Dataset items:
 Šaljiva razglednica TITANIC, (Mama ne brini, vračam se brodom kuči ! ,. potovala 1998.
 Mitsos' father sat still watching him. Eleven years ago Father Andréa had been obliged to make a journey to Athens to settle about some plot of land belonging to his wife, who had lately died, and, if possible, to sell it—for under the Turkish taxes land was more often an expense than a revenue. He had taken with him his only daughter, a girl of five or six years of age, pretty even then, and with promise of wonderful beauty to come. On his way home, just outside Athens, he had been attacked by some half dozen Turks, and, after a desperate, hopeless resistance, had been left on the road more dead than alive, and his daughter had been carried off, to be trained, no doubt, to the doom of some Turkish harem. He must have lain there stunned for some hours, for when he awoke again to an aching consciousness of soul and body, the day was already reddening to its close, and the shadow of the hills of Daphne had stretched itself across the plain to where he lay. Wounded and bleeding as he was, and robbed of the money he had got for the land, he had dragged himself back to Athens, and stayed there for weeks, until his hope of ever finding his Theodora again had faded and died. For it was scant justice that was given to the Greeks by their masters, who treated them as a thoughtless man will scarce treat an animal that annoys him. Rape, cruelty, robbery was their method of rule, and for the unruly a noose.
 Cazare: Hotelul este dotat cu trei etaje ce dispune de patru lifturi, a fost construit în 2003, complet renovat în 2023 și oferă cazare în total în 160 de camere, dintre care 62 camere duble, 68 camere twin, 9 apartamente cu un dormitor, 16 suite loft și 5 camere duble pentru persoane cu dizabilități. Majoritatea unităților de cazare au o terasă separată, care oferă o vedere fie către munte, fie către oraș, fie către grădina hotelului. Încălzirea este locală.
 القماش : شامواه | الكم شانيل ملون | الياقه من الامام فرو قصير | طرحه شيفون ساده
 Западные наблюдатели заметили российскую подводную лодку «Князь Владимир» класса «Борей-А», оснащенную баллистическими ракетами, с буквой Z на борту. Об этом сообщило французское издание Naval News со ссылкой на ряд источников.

Directions for this task: The required output is every line from the one with "Cazare: Hotelul este dotat" to the final line of the entries, repeated exactly and with nothing else.

Answer for the task:
 Cazare: Hotelul este dotat cu trei etaje ce dispune de patru lifturi, a fost construit în 2003, complet renovat în 2023 și oferă cazare în total în 160 de camere, dintre care 62 camere duble, 68 camere twin, 9 apartamente cu un dormitor, 16 suite loft și 5 camere duble pentru persoane cu dizabilități. Majoritatea unităților de cazare au o terasă separată, care oferă o vedere fie către munte, fie către oraș, fie către grădina hotelului. Încălzirea este locală.
 القماش : شامواه | الكم شانيل ملون | الياقه من الامام فرو قصير | طرحه شيفون ساده
 Западные наблюдатели заметили российскую подводную лодку «Князь Владимир» класса «Борей-А», оснащенную баллистическими ракетами, с буквой Z на борту. Об этом сообщило французское издание Naval News со ссылкой на ряд источников.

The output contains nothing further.